Update on and Clinical Management of Neonatal Unconjugated Hyperbilirubinemia
Neonatal unconjugated hyperbilirubinemia continues to be one of the most frequent and puzzling problems in neonatology. Ten years ago, the guidelines for management of neonatal unconjugated hyperbilirubinemia were changed when the decision levels for therapeutic interventions were elevated. This year, the American Academy of Pediatrics reviewed and updated its guidelines for management of neonatal unconjugated hyperbilrubinemia.

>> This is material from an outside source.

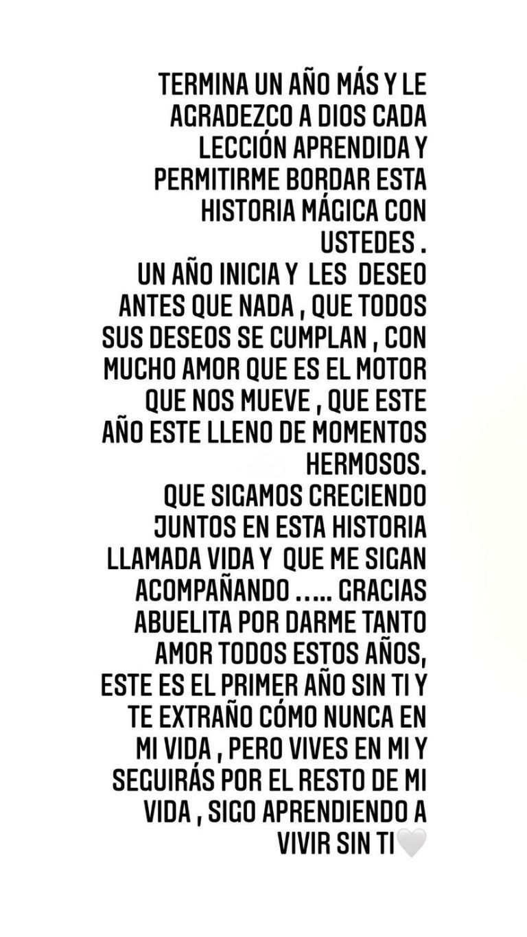 Termina un año más y le agradezco a Dios cada lección aprendida y permitirme bordar esta historia mágica con ustedes. Un año inicia y les deseo antes que nada, que todos sus deseos se cumplan, con mucho amor que es el motor que nos mueve, que este año esté lleno de momentos hermosos. Que sigamos creciendo juntos en esta historia llamada vida y que me sigan acompañado…. Gracias abuelita por darme tanto amor todos estos años este es el primer año sin ti y te extraño como nunca en mi vida, pero vives en mí y seguirás por el resto de mi vida, sigo aprendiendo a vivir sin ti”.

This review article describes advances in the field of neonatal unconjugated hyperbilirubinemia. Among diagnostic procedures, measurements of exhaled CO, »free« bilirubin, transcutaneous bilirubin, screening test for evoked auditory brainstem potentials and brain imaging are highlighted. Investigation of bilirubin’s neurotoxicity goes on with research on inhibition of protein/peptide phosphorylation, impaired homeostasis of intracellular calcium, effects of bilirubin on cell membranes and apoptosis, and on the role of P-glycoprotein in protection of the brain against bilirubin. Recent advances in therapy are described, including improvement of light sources for phototherapy using light emitting diodes, and the use of inhibitors of hem oxygenase, bilirubin reductase, photonic analogues, miniature reactors of glucuronosyl transpherase, as well as gene therapy for the Cligler Najjar type 1 genetic syndrome.
In the last part of the article, new guidelines for clinical management of jaundiced new-borns are summarised, with special emphasis on new-borns in whom serum bilirubin reaches level of 427 μmol/l. The appendix contains a new decision tree for clinical management of jaundiced new-borns.